The Mean Value Theorem is one of the most important theoretical tools in Calculus. It states that if f(x) is defined and continuous on the interval [a,b] and differentiable on (a,b), then there is at least one number c in the interval (a,b) (that is a < c < b) such that
f ‘(c) = ( f(b) – f(a) ) / ( b – a)
OK.
So in our problem here, a = 0 and b = 1. Thus,
f(a) = f(0) = 0
and f(b) = f(1) = arcsin(1) = (pi)/2
f ‘(c) = ( f(b) – f(a) ) / ( b – a)
= ( f(1) – f(0) ) / ( 1 – 0)
= ( (pi)/2 – 0 )
= (pi)/ 2
Now,
f'(x) = x [ 1 / (1 – x^2)^{1/2} ] + arcsin(x)
using the fact if g(x) = arcsin(x) Then,
g'(x) = 1 / (1 – x^2)^{1/2}
and the multiplication rule in differentiation.

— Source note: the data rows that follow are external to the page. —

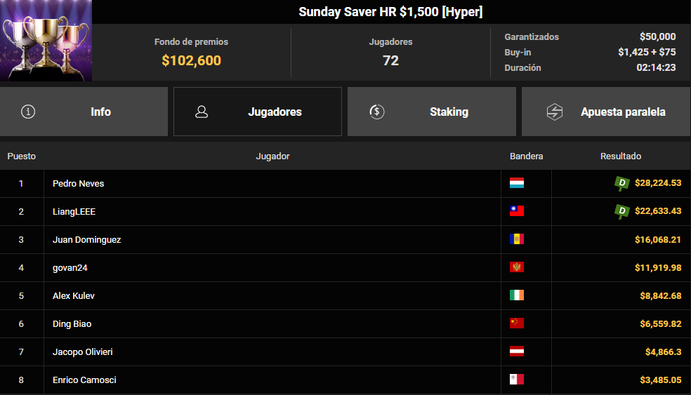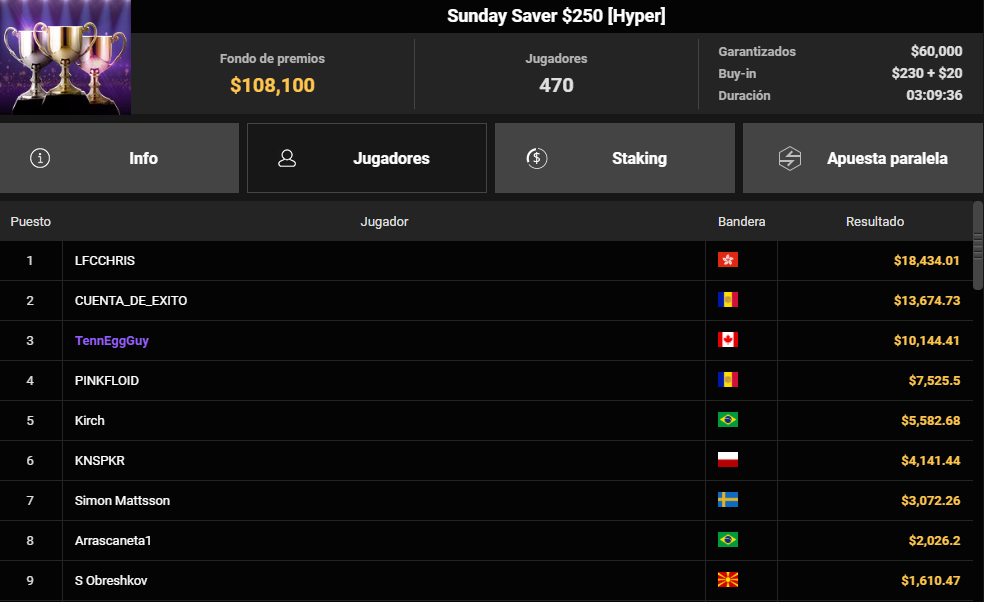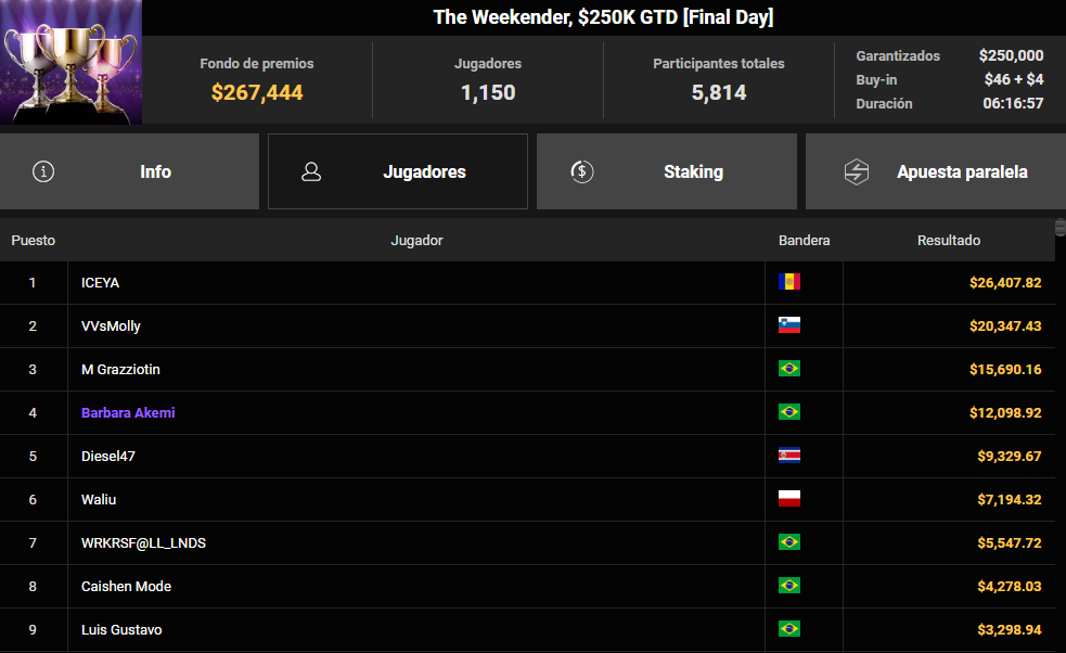 A continuación, el foco se desplaza a ICEYA, un jugador que a día de hoy es anónimo pero que podría ser español, quien fue el vencedor del The Weekender $250K Gtd. Compitiendo bajo bandera andorrana, se impuso a un gigantesco field de 5.814 entradas para llevarse 26.408 $.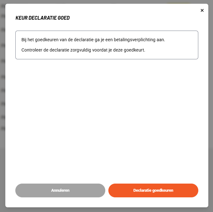 LET OP! Als je een declaratie goedkeurt, kan je niet meer terug en wordt de betaling in gang gezet.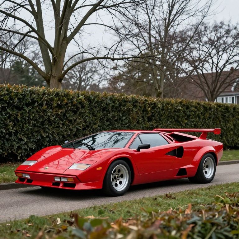 Lamborghini Countach 5000 QV replica, painted in vibrant red, is parked gracefully beside a neatly trimmed hedge, showcasing its iconic design and rear spoiler against a backdrop of leafless trees and overcast skies.

Hence, f'(c) = c [ 1 / (1 – c^2)^{1/2} ] + arcsin(c)
and f'(c) = (pi)/2
Now, note another fact that
arcsin(x) = x / (1 – x^2)^{1/2}
Hence,
c [ 1 / (1 – c^2)^{1/2} ] + c / (1 – c^2)^{1/2} = (pi)/2
That is,
( 2c ) / ( 1 – c^2 )^{1/2} = (pi)/2
Manipulating using algebra, we get,
( 1 – c^2 ) = [ 16 c^2 ] / [(pi)]
Thus,
c^2 = [ (pi) ] / [ (pi) + 16 ]
For our answer for the value c, we only take the positive square root because, the question asked for c in the interval [0,1].
Hence, using a calculator, you should get…
c = 0.405122068…